Records from a collection:
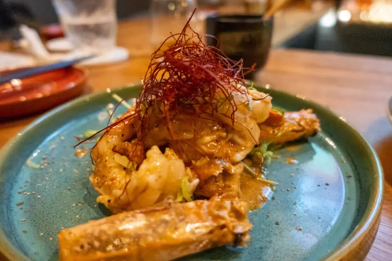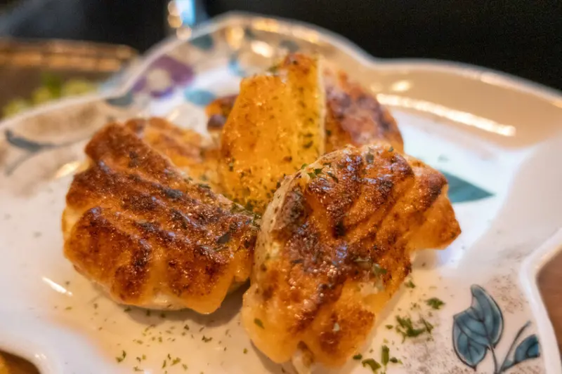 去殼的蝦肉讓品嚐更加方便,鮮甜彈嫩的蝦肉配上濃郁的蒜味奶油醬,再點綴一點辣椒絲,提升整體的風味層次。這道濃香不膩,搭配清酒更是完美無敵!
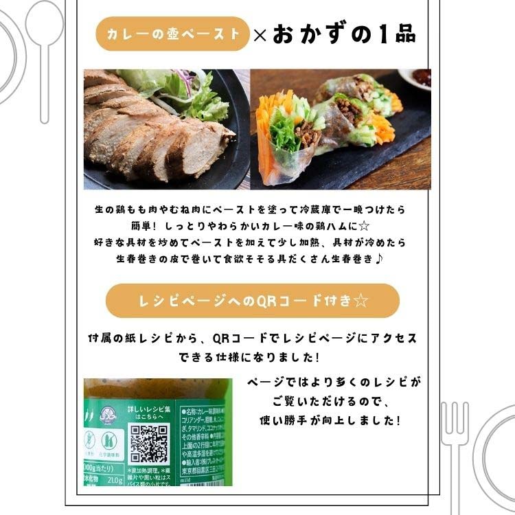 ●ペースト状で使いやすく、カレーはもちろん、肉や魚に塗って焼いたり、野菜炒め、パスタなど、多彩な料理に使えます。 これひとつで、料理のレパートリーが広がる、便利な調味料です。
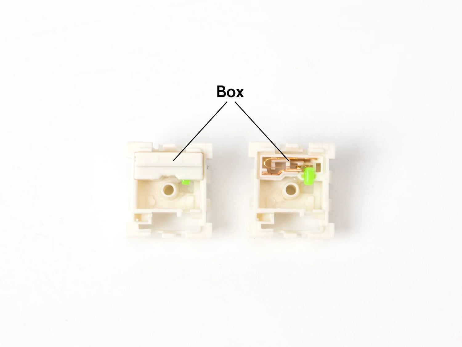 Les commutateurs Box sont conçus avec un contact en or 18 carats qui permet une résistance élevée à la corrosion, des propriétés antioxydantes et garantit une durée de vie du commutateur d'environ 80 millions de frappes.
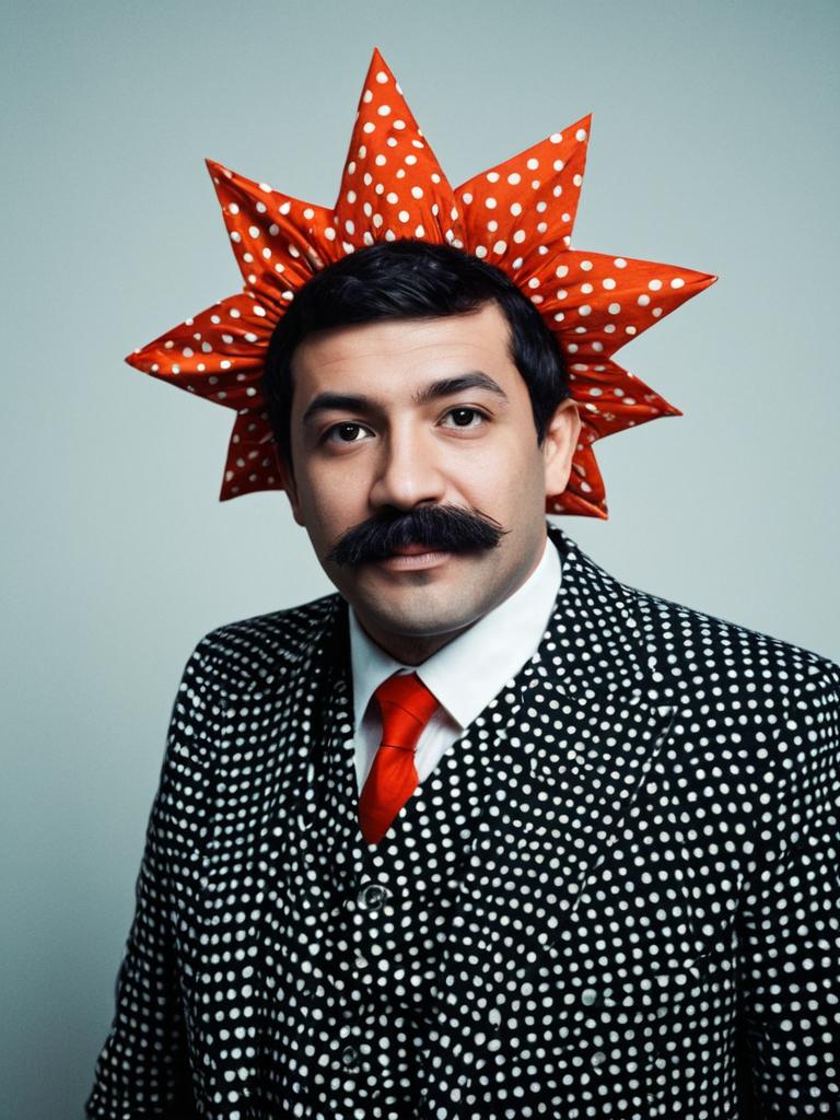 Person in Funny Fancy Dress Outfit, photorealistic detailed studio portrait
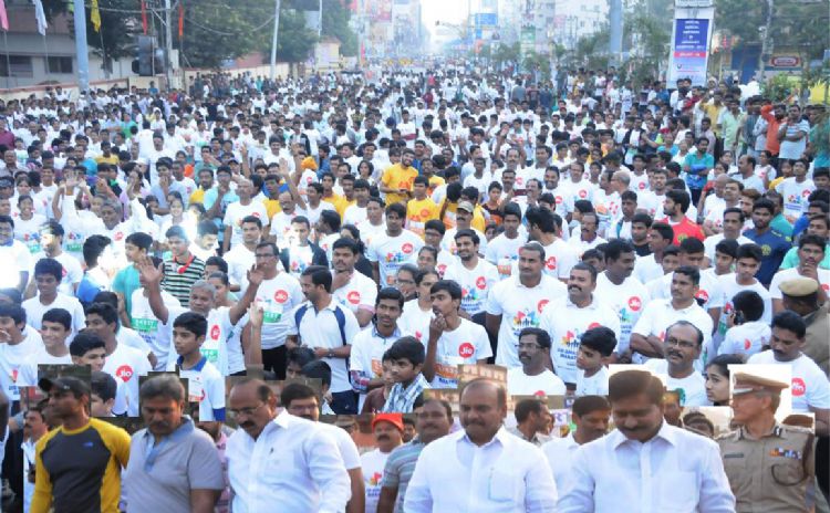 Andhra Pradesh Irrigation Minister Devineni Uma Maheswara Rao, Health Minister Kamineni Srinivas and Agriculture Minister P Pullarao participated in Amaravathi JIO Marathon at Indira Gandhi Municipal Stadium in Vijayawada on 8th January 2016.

WHAT YOU HAVE TO DO: With images omitted, output the data exactly as given.

EXERCISE RESPONSE:
 去殼的蝦肉讓品嚐更加方便,鮮甜彈嫩的蝦肉配上濃郁的蒜味奶油醬,再點綴一點辣椒絲,提升整體的風味層次。這道濃香不膩,搭配清酒更是完美無敵!
 ●ペースト状で使いやすく、カレーはもちろん、肉や魚に塗って焼いたり、野菜炒め、パスタなど、多彩な料理に使えます。 これひとつで、料理のレパートリーが広がる、便利な調味料です。
 Les commutateurs Box sont conçus avec un contact en or 18 carats qui permet une résistance élevée à la corrosion, des propriétés antioxydantes et garantit une durée de vie du commutateur d'environ 80 millions de frappes.
 Person in Funny Fancy Dress Outfit, photorealistic detailed studio portrait
 Andhra Pradesh Irrigation Minister Devineni Uma Maheswara Rao, Health Minister Kamineni Srinivas and Agriculture Minister P Pullarao participated in Amaravathi JIO Marathon at Indira Gandhi Municipal Stadium in Vijayawada on 8th January 2016.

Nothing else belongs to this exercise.